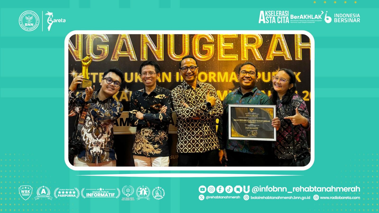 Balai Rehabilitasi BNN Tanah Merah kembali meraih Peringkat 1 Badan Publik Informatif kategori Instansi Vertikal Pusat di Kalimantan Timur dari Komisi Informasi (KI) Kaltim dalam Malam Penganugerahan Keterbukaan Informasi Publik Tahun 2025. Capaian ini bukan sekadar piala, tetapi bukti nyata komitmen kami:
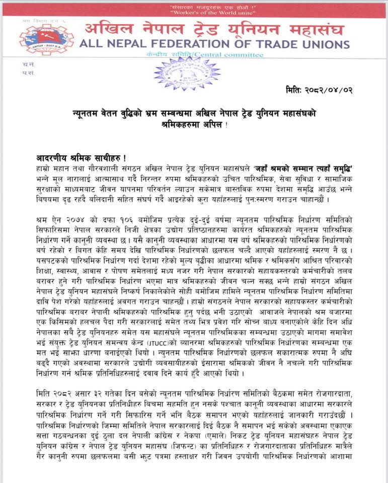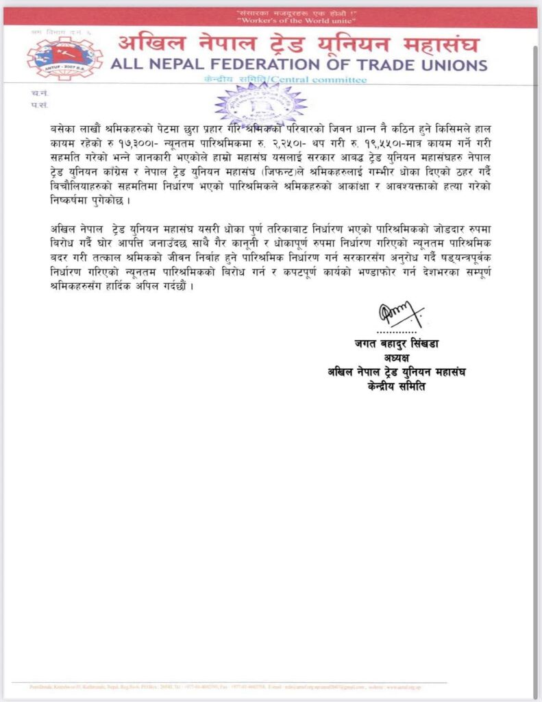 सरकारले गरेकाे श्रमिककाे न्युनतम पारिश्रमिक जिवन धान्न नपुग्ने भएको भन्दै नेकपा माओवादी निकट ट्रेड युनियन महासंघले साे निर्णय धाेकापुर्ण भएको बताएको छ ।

--

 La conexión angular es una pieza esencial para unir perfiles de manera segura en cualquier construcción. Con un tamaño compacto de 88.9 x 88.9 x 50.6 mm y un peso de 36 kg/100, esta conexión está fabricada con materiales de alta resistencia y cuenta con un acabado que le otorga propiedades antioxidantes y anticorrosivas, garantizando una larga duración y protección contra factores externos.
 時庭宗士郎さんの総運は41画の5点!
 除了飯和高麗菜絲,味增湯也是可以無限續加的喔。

__Work required__
Working from the data above, extract solely the lines from the one containing "La conexión angular" through the one containing "除了飯和高麗菜絲,味增湯也是可以無限續加的喔。", exactly as they appear, both included.

__Solution to this task__
 La conexión angular es una pieza esencial para unir perfiles de manera segura en cualquier construcción. Con un tamaño compacto de 88.9 x 88.9 x 50.6 mm y un peso de 36 kg/100, esta conexión está fabricada con materiales de alta resistencia y cuenta con un acabado que le otorga propiedades antioxidantes y anticorrosivas, garantizando una larga duración y protección contra factores externos.
 時庭宗士郎さんの総運は41画の5点!
 除了飯和高麗菜絲,味增湯也是可以無限續加的喔。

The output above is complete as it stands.